In Ice Dancing, the pair does not use lifts and throws the way they do in Pairs skating. Rather, think of Ice Dancing like Dancing with the Stars on Ice. It’s essentially a ballroom dance competition on skates.
Favorites

Russians have dominated figure skating since the steroid-induced days of the Soviet Union. Their athletes are clean now, but haven’t lost their mastery over the sport. Russian Evgeni Plushenko won Men’s gold in Turin and looks on track for a repeat performance. Brian Joubert of France, Patrick Chan of Canada, and Daisuke Takahashi of Japan will also be front-runners in the Men’s event. On the Women’s side, South Korean Yu-Na Kim and Japanese skaters Miki Ando, Mao Asada and Akiko Suzuki are the favorites.
US Hopefuls

Men’s skater Johnny Weir has been getting a lot of press in the run-up to the games for his outspoken nature. We’ve got nothing against Weir, but he isn’t the best skater on the team. That would be Evan Lysacek, who has a decent shot at a medal if he can land a quadruple toe loop. Honestly though, we’d like nothing better than to see Evan and Johnny both on the medal podium at the end of the day. The US will be represented by Rachel Flatt and Mirai Nagasu in the Women’s event. Both are inexperienced in the international arena but could pull out a big performance and shock the world.
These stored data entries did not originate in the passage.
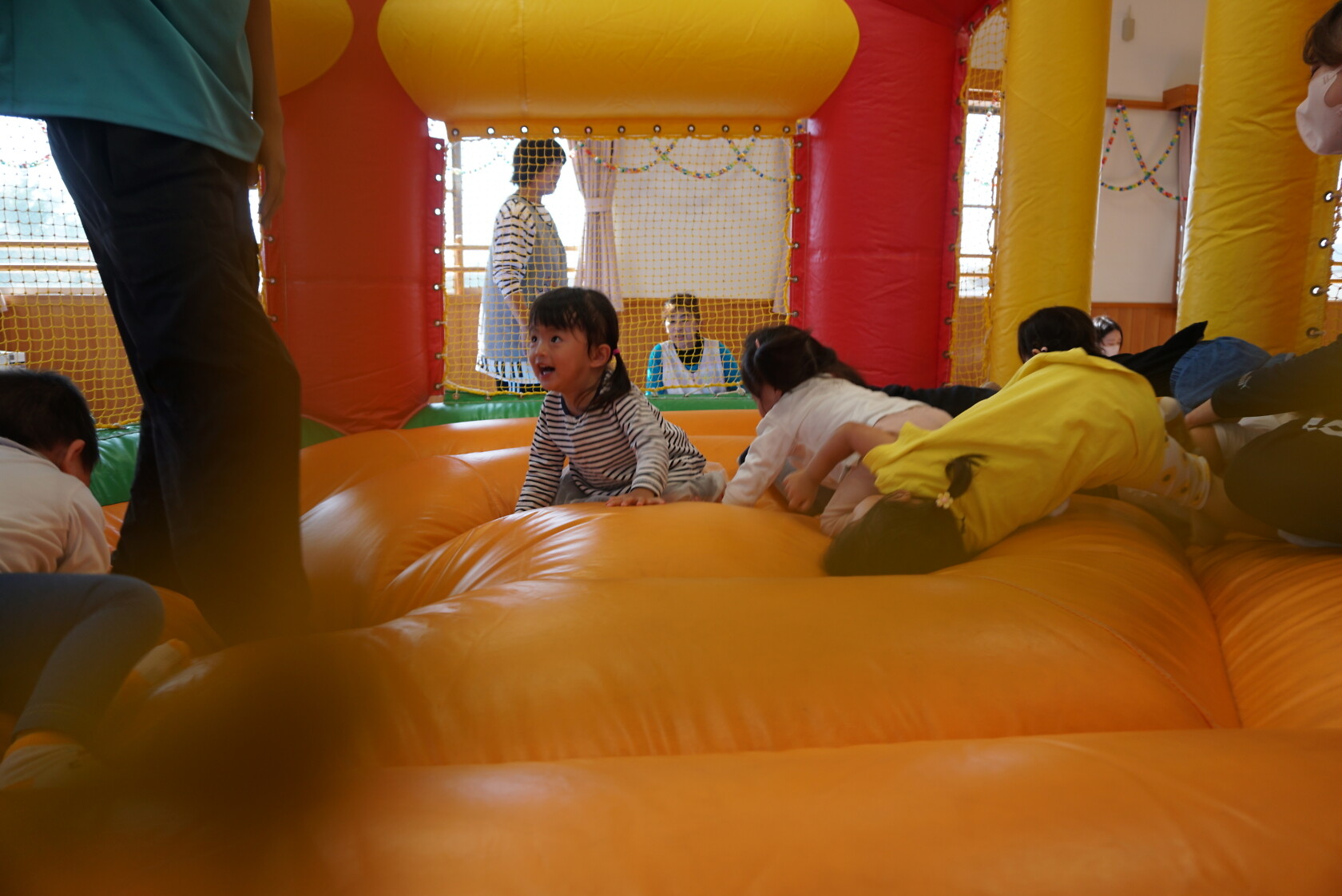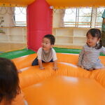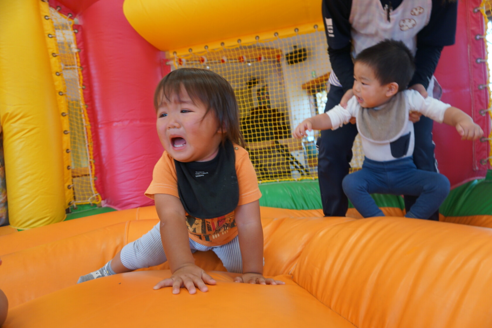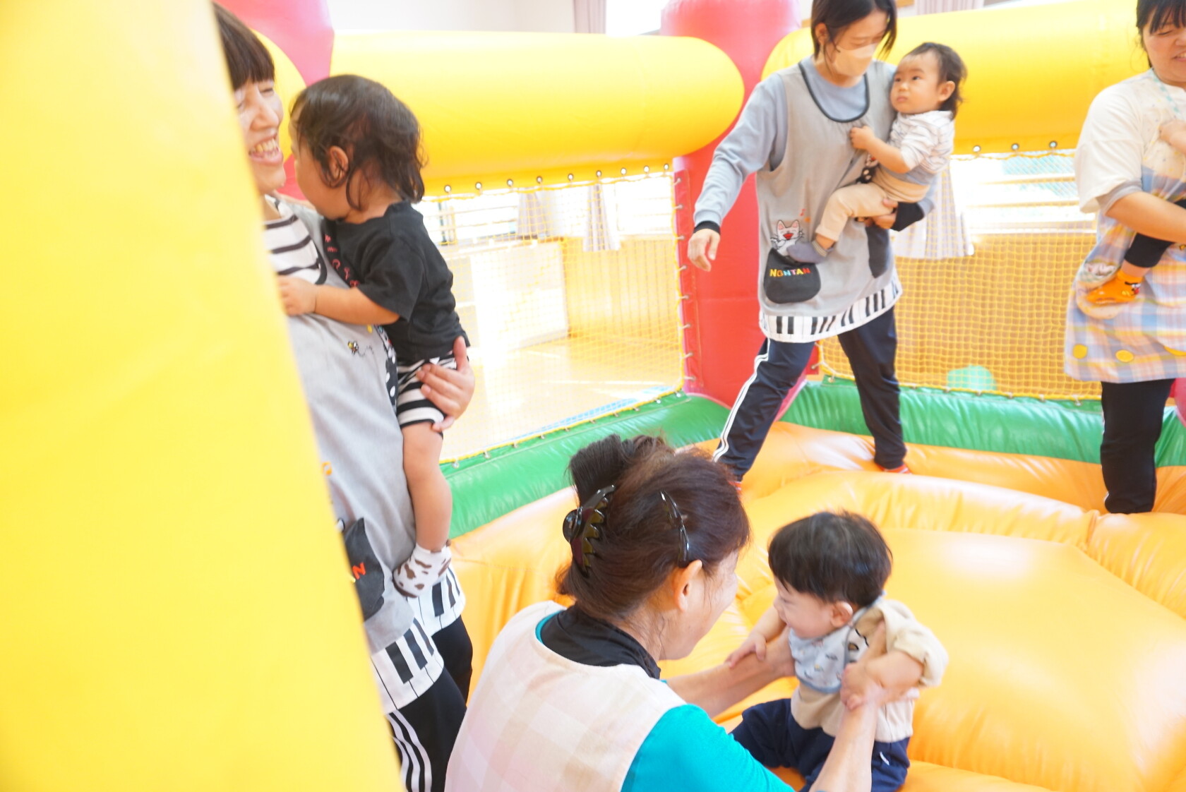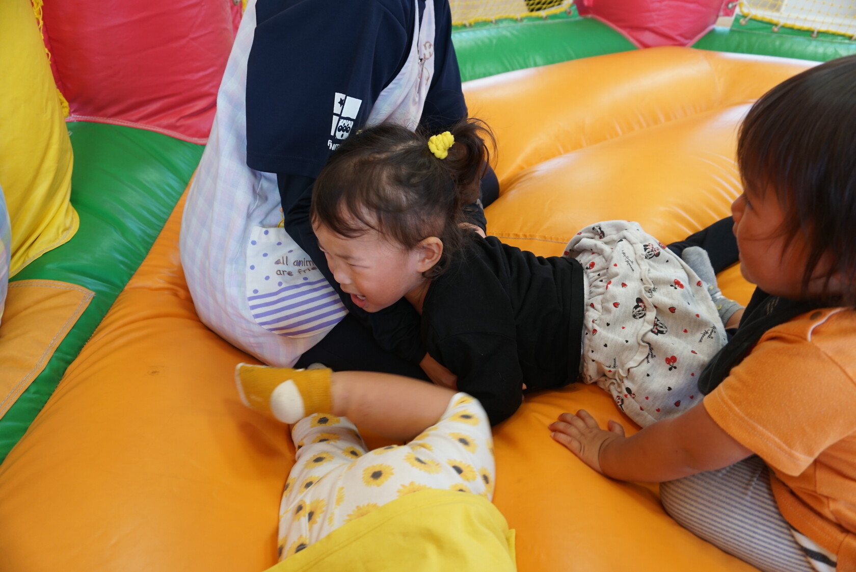 今日のできごと(さくら・小規模さくら) 公開済み: 2024年10月24日更新: 2024年10月24日 今日は、お外で遊んだ後、2階のホールに行き、エアーランドで遊びました😊 エアーランドの中に入るとぴょんぴょんと跳びはねて楽しむ子や初めてのことにびっくりして泣いてしまう子もいました🌟 沢山動いたら疲れたようでみんな、寝付きが早かったです💤また、エアーランドで遊びましょうね😊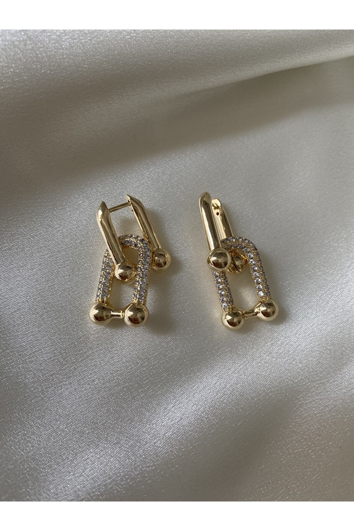 Zirkon Taşlı Gold Model Kadın Küpe - Gold Renk Zirkon Taşlı Gold Model Kadın Küpe - Gold Renk STS686836 تک سایز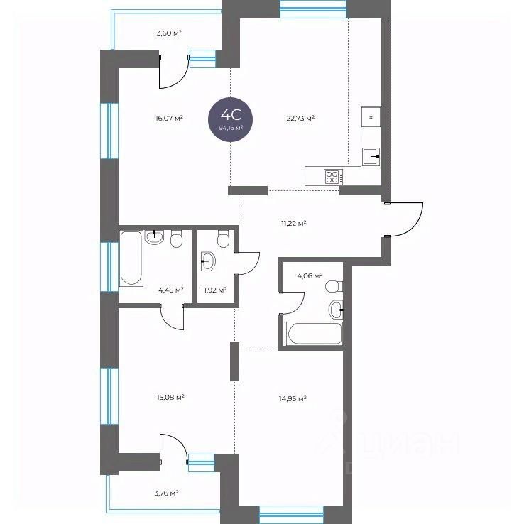 Общая площадь94,16 м²
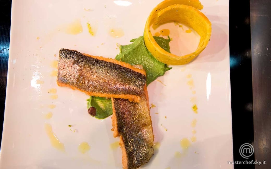 Distribuire nei piatti la crema di spinaci, adagiarvi sopra i filetti di trota e di lato i cerchi di pasta. Condire il pesce con poco succo di limone e completare con un filo d'olio tutto intorno.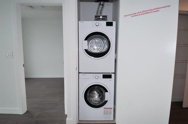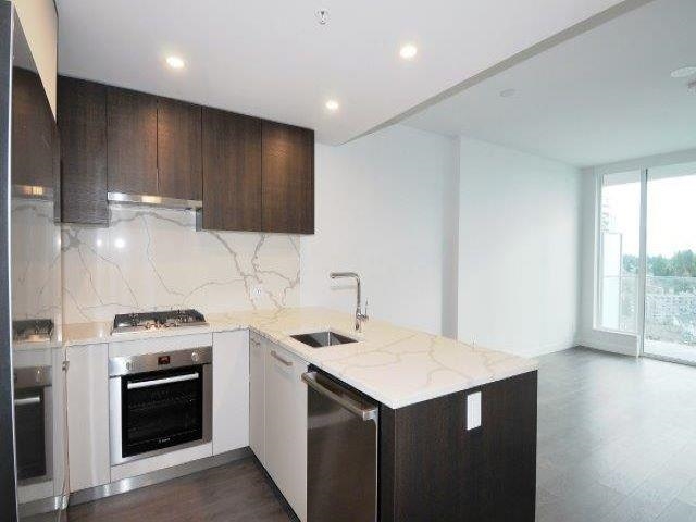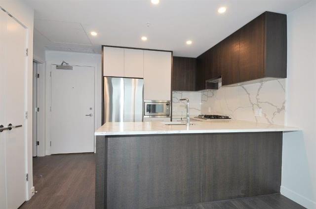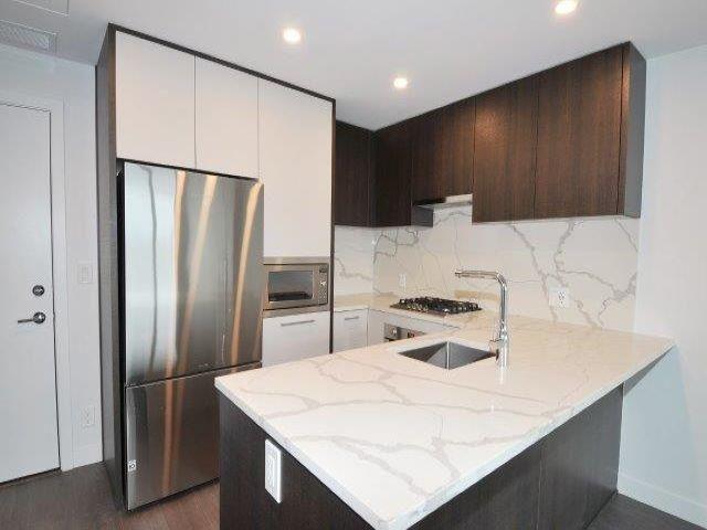 Brand New, never lived in, No GST! Top notch building with 5 star amenities located across from Skytrain, Safeway, local shopping and services. This one bedroom and den home features heat pump technology to provide cooling during those long hot summer days. Kitchen with solid quartz countertops, quality appliances including gas cook top, inverter microwave, disposal system, plus a full height pantry. Master bedroom with 2 closets and walk through bathroom. Huge 20ft by 6ft balcony offers expansive city views, plus plenty of room for patio furniture and barbeque. Parking spot has it's own EV charging station and storage locker is one of a handful of larger units. Amenities, amenities, amenities...too much to list here. Huge outdoor common spaces with killer views, this building has it all.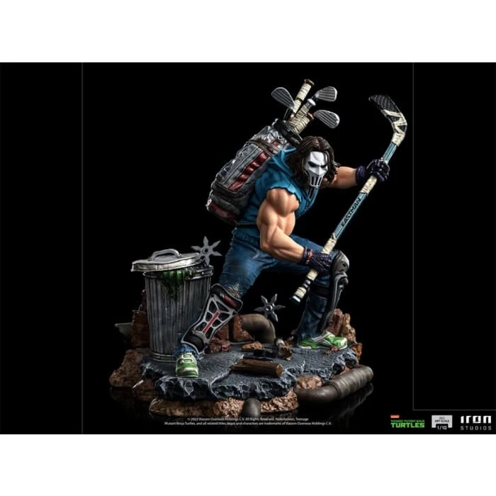Based on the classic Teenage Mutant Ninja Turtles characters, Casey Jones joins the Battle Diorama Series! He is depicted with his signature Eastman hockey stick in hand and golf bag full of weapons on his back while patrolling the streets of New York City.
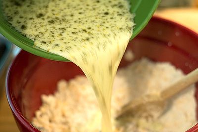 Sữa, dầu thực vật, trứng, hạt thì là, bột mù tạt khuấy đều, sau đó đổ vào âu bột, trộn đều lần nữa bằng phới gỗ. Đảm bảo rằng bột đã được đánh mịn, không còn bị vón cục.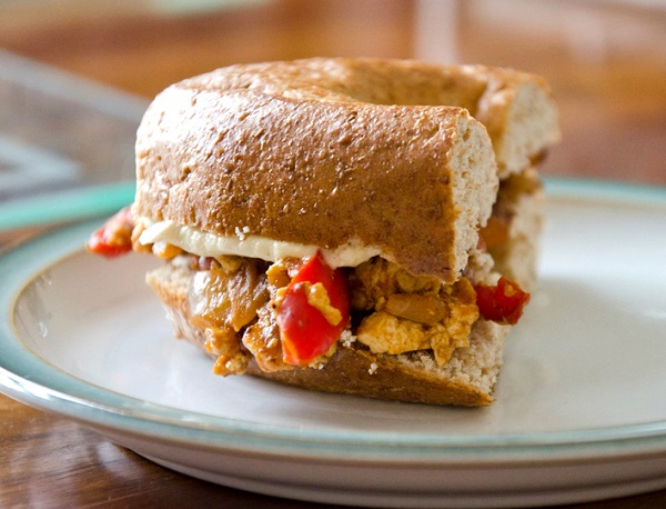 vegan scrambled Shakshuka (tofu was scrambled instead of being sliced) served in a bagel with vegan cream cheese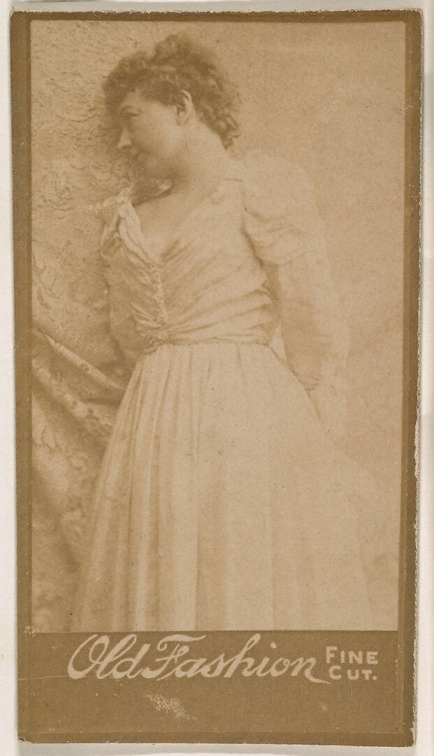 - Title:Actress leaning against studio curtain, from the Actresses series (N664) promoting Old Fashion Fine Cut Tobacco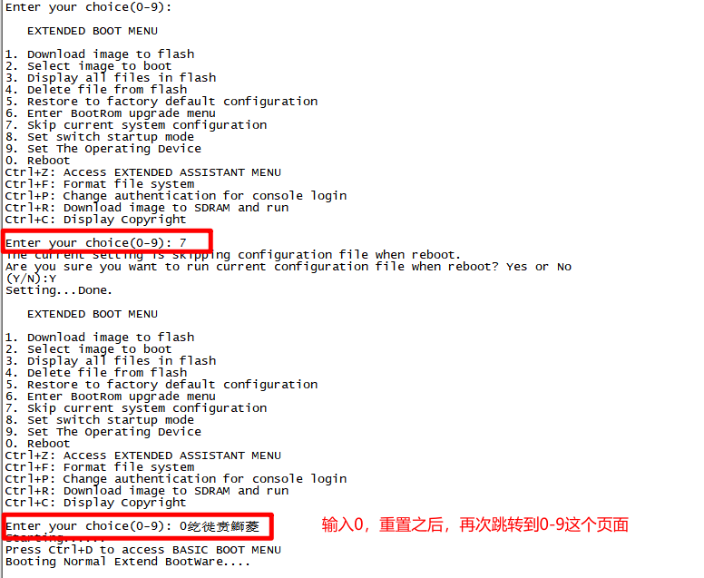 交换机console密码忘记了,ssh,telent没有打开,插电之后按Ctrt+B进入恢复密码页面,之后无法退出重启,一直在循环让输入0-9,应该怎么退出,判断是否修改成功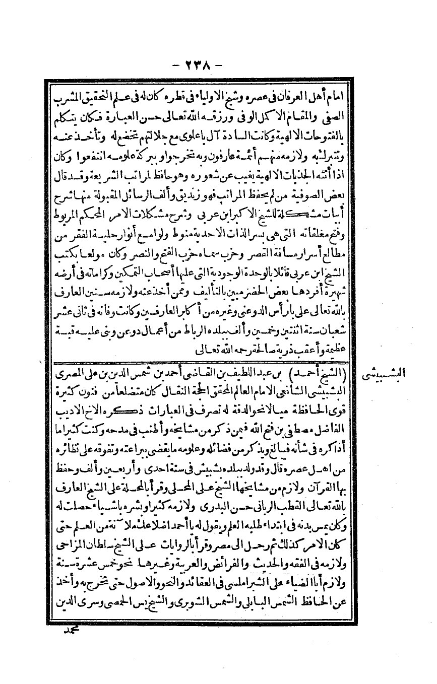 الشَّيْخ أَحْمد بن عبد اللَّطِيف بن القَاضِي أَحْمد بن شمس الدّين بن عَليّ الْمصْرِيّ البشبيشي الشَّافِعِي الإِمَام الْعَالم الْمُحَقق الْحجَّة النقال كَانَ متضلعاً من فنون كَثِيرَة قوي الحافظة ميالاً نَحْو الدقة لَهُ تصرف فِي الْعبارَات ذكره الْأَخ الأديب الْفَاضِل مصطفى بن فتح الله فِيمَن ذكر من مشايخه وَأَطْنَبَ فِي مدحه وَكنت كثيرا مَا أذاكره فِي شَأْنه فيبالغ وَيذكر من فضائله وعلومه مَا يقْضِي ببراعته وتفوقه على نَظَائِره من أهل عصره قَالَ وَقد ولد بِبَلَدِهِ بشبيش سنة إِحْدَى وَأَرْبَعين وَألف وَحفظ بهَا الْقُرْآن ولازم من مشايخها الشَّيْخ عَليّ الْمحلي وَقَرَأَ بالمحلة على الشَّيْخ الْعَارِف بِاللَّه تَعَالَى القطب الرباني حسن البدري ولازمه كثيرا وبشره بأَشْيَاء حصلت لَهُ وَكَانَ يمس بدنه فِي ابْتِدَاء طلبه الْعلم وَيَقُول لَهُ يَا أَحْمد أضلاعك ملآنة من الْعلم حَتَّى كَانَ الْأَمر كَذَلِك ثمَّ رَحل إِلَى مصر وَقَرَأَ بالروايات على الشَّيْخ سُلْطَان المزاحي ولازمه فِي الْفِقْه والْحَدِيث والفرائض والعربية وَغَيرهَا نَحْو خمس عشرَة سنة ولازم أَبَا الضياء على الشبراملسي فِي العقائد والنحو وَالْأُصُول حَتَّى تخرج بِهِ وَأخذ عَن الْحَافِظ الشَّمْس البابلي الشَّوْبَرِيّ وَالشَّيْخ يس الْحِمصِي وسري الدّين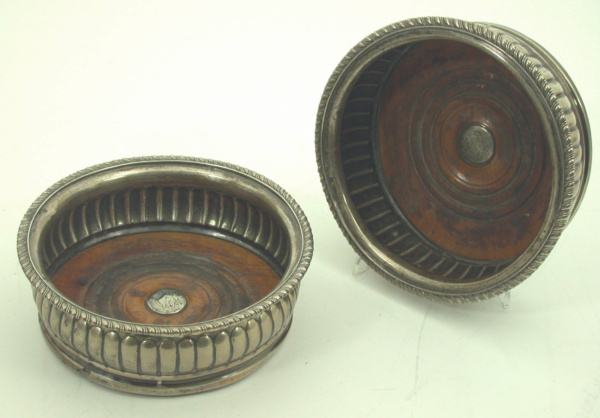 with gadrooned borders, fluted sides and turned wooden bases, monogrammed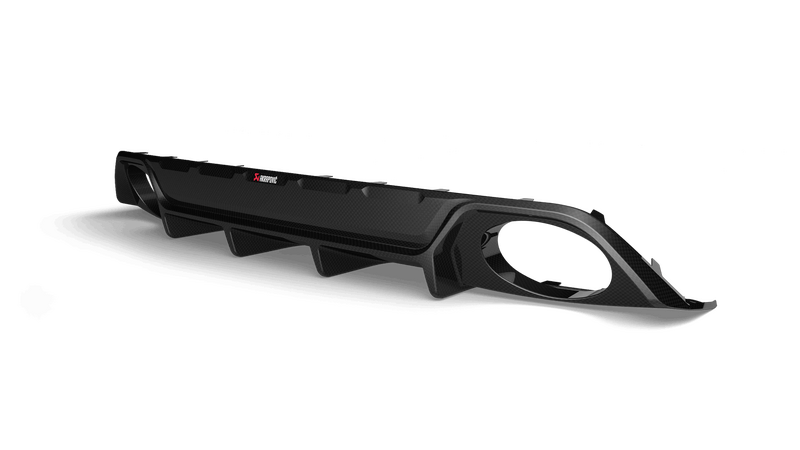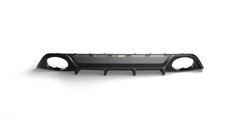 This Rear Carbon Fiber Diffuser - High Glossy comes with red/white Akrapovic logo.

Nothing America hasn’t done before.
Predictions

The Steelers n’at Pick: Plushenko is going to medal, there’s no way around that, the question really is who the other two medalists will be. We’re going to pick Lysacek and Canadian Patrick Chan with Takahashi from Japan as our sleeper pick. On the women’s side, we’re going to say Mirai Nagasu stuns everyone and gets on the medal stand.